> _Problem to solve_:
Go through the listing below and write out exactly the lines from the one that mentions "Excellent condition uncommon" through the one that mentions "We prove that", minus the pictures.

> _Given data_:
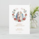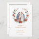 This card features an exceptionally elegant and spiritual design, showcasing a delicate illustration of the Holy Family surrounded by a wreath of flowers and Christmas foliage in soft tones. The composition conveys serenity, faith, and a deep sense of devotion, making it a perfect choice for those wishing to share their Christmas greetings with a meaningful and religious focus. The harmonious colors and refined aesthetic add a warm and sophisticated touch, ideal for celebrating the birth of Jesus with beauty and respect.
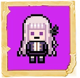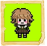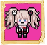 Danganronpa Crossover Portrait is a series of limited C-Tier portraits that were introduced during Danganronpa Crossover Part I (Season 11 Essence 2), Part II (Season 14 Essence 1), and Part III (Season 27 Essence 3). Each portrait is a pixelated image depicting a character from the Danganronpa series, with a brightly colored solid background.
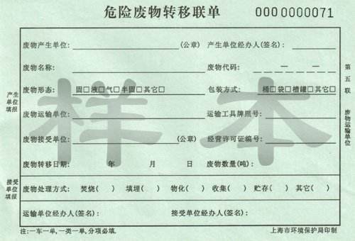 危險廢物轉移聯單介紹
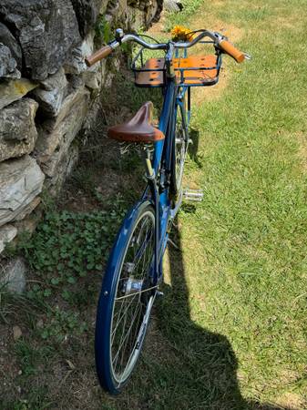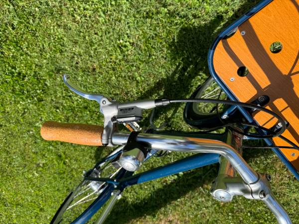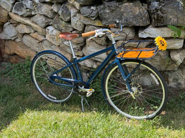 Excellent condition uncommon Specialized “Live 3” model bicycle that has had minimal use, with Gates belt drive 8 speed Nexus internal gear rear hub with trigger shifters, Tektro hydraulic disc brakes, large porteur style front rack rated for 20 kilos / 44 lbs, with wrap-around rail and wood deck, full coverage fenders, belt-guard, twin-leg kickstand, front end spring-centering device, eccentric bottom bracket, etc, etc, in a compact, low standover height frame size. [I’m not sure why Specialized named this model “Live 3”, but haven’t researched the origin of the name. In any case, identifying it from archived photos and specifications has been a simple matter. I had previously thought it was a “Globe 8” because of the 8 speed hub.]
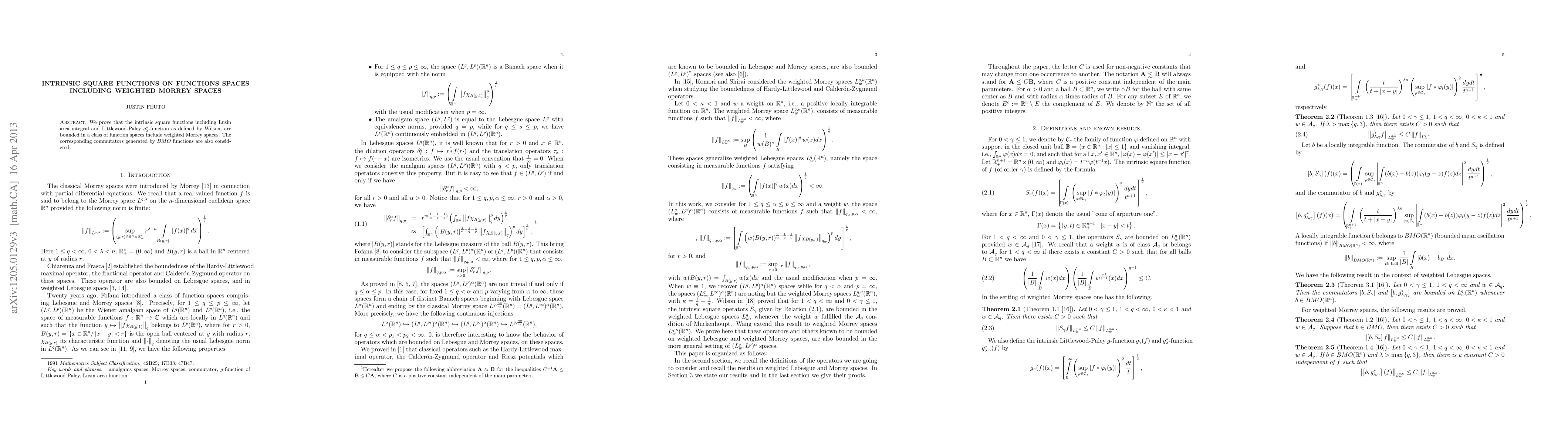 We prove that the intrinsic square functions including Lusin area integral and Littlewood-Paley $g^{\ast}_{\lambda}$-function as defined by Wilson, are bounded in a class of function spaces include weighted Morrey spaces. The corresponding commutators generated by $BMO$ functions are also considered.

==

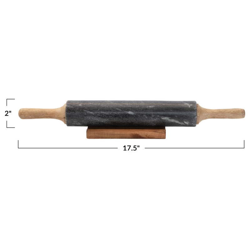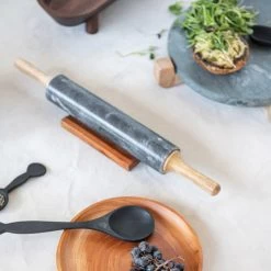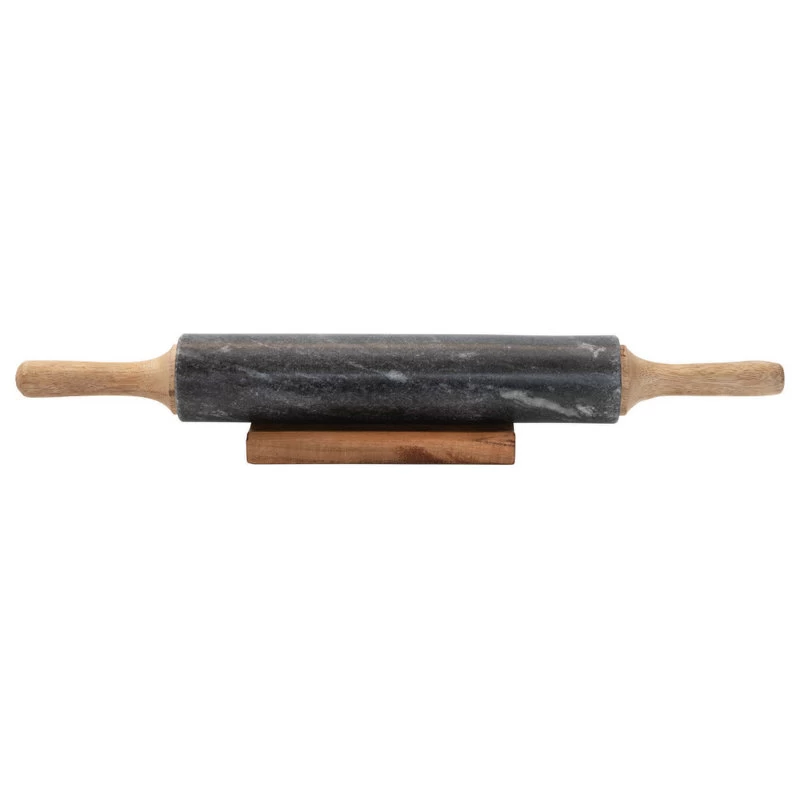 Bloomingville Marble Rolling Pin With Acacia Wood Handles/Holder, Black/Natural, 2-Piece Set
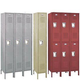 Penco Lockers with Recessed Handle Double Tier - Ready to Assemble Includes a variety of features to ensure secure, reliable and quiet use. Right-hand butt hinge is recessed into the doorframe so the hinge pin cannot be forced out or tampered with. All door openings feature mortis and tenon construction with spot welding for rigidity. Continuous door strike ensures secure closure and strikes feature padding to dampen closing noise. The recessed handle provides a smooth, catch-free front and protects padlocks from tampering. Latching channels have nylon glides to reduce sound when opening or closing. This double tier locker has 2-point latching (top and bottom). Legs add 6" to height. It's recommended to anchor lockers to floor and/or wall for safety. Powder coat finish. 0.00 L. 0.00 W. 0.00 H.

> _Written solution_:
 Excellent condition uncommon Specialized “Live 3” model bicycle that has had minimal use, with Gates belt drive 8 speed Nexus internal gear rear hub with trigger shifters, Tektro hydraulic disc brakes, large porteur style front rack rated for 20 kilos / 44 lbs, with wrap-around rail and wood deck, full coverage fenders, belt-guard, twin-leg kickstand, front end spring-centering device, eccentric bottom bracket, etc, etc, in a compact, low standover height frame size. [I’m not sure why Specialized named this model “Live 3”, but haven’t researched the origin of the name. In any case, identifying it from archived photos and specifications has been a simple matter. I had previously thought it was a “Globe 8” because of the 8 speed hub.]
 We prove that the intrinsic square functions including Lusin area integral and Littlewood-Paley $g^{\ast}_{\lambda}$-function as defined by Wilson, are bounded in a class of function spaces include weighted Morrey spaces. The corresponding commutators generated by $BMO$ functions are also considered.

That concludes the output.